> _ENTRIES SUPPLIED_:
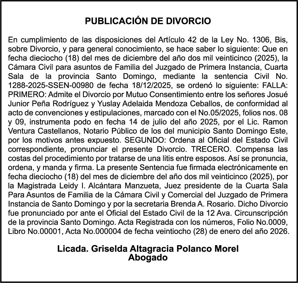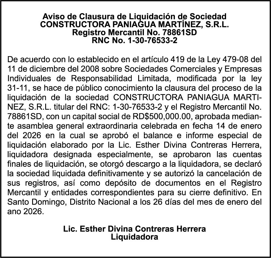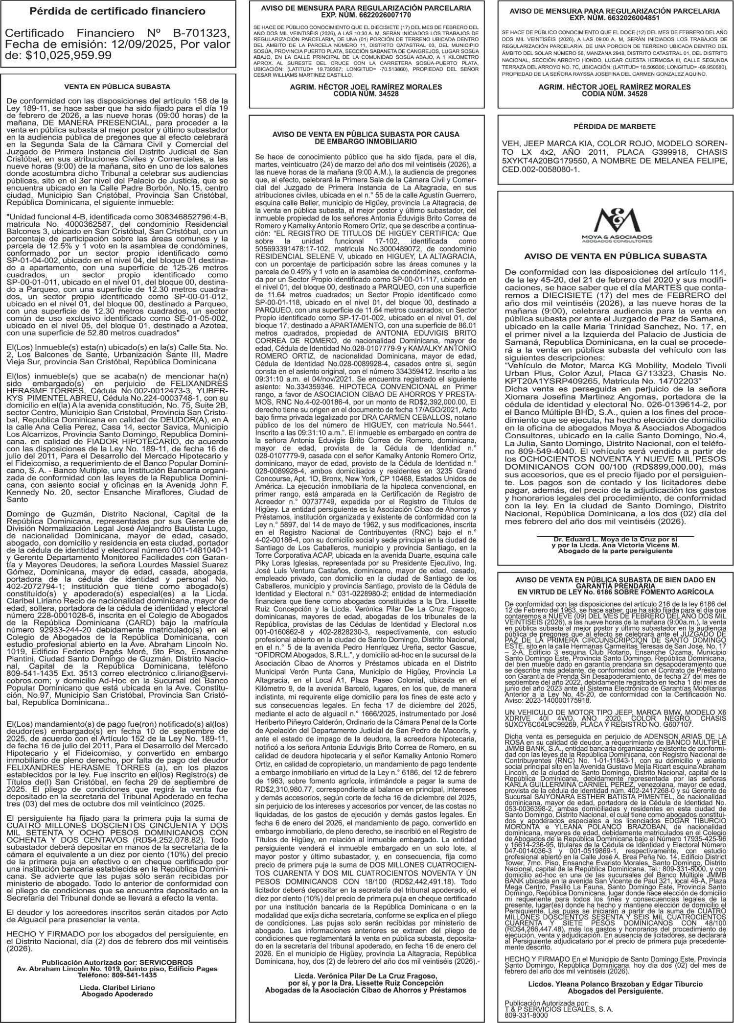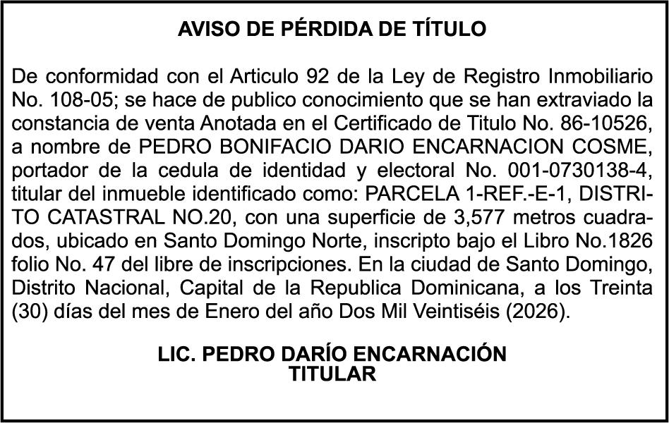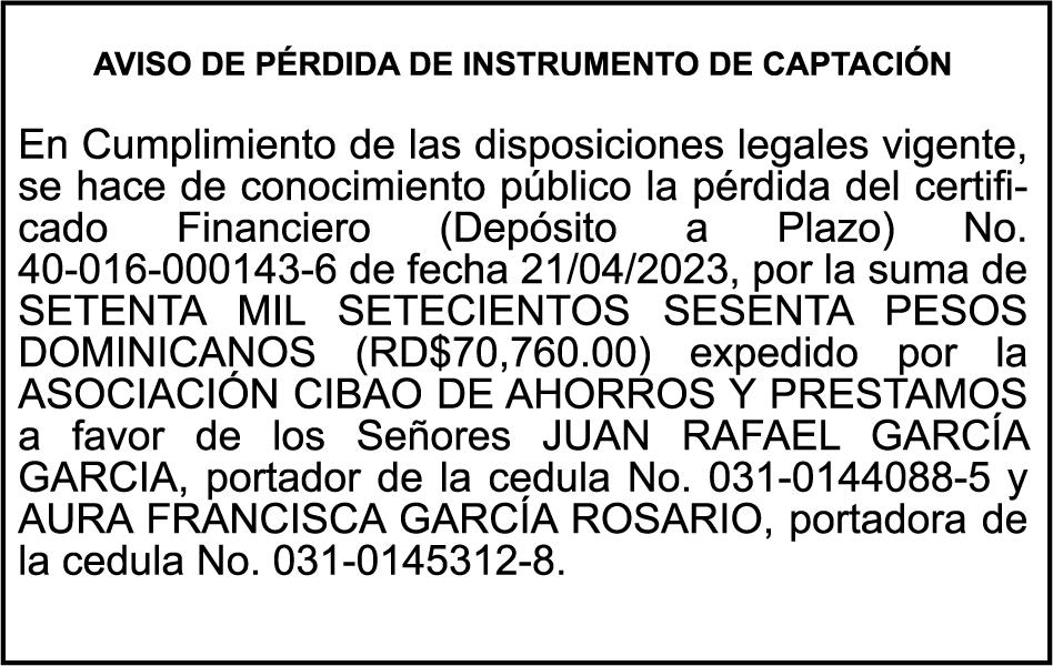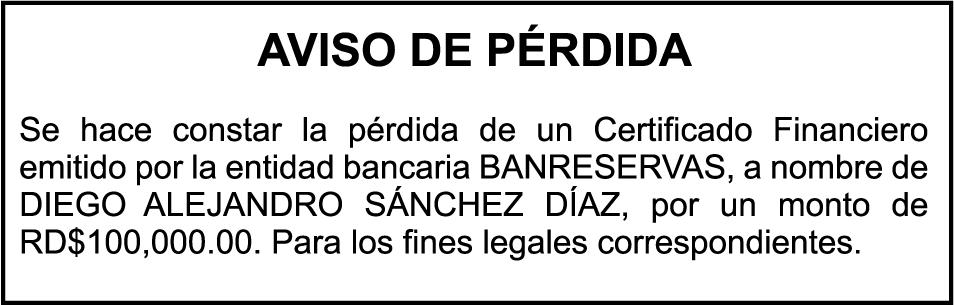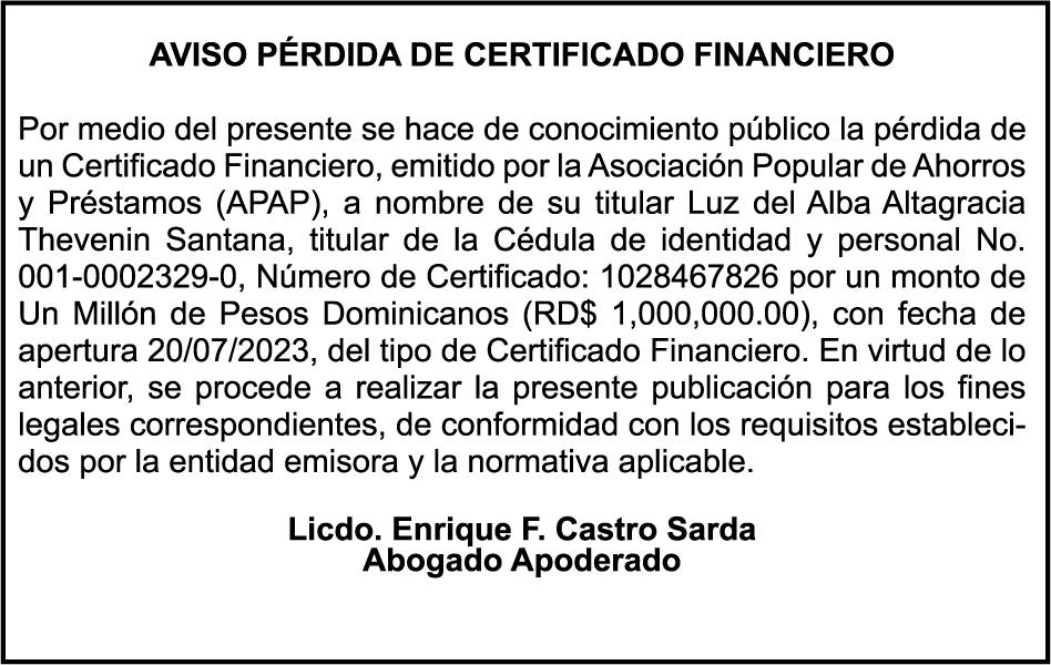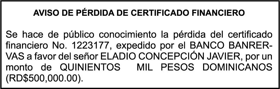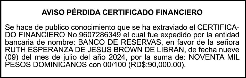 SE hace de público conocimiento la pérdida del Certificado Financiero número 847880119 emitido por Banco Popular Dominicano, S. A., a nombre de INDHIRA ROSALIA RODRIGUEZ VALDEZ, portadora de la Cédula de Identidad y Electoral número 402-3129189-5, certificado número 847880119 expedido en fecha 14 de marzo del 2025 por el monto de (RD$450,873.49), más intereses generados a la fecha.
--
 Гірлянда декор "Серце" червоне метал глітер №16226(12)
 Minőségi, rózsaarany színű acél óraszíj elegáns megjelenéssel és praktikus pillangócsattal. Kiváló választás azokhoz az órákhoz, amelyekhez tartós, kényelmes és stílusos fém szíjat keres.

> _WORK TO BE COMPLETED_: Write down again, exactly as given, only the lines above that fall from the line with "метал глітер №16226(12)" to the line with "Minőségi, rózsaarany színű", inclusive.

> _TASK RESPONSE_:
 Гірлянда декор "Серце" червоне метал глітер №16226(12)
 Minőségi, rózsaarany színű acél óraszíj elegáns megjelenéssel és praktikus pillangócsattal. Kiváló választás azokhoz az órákhoz, amelyekhez tartós, kényelmes és stílusos fém szíjat keres.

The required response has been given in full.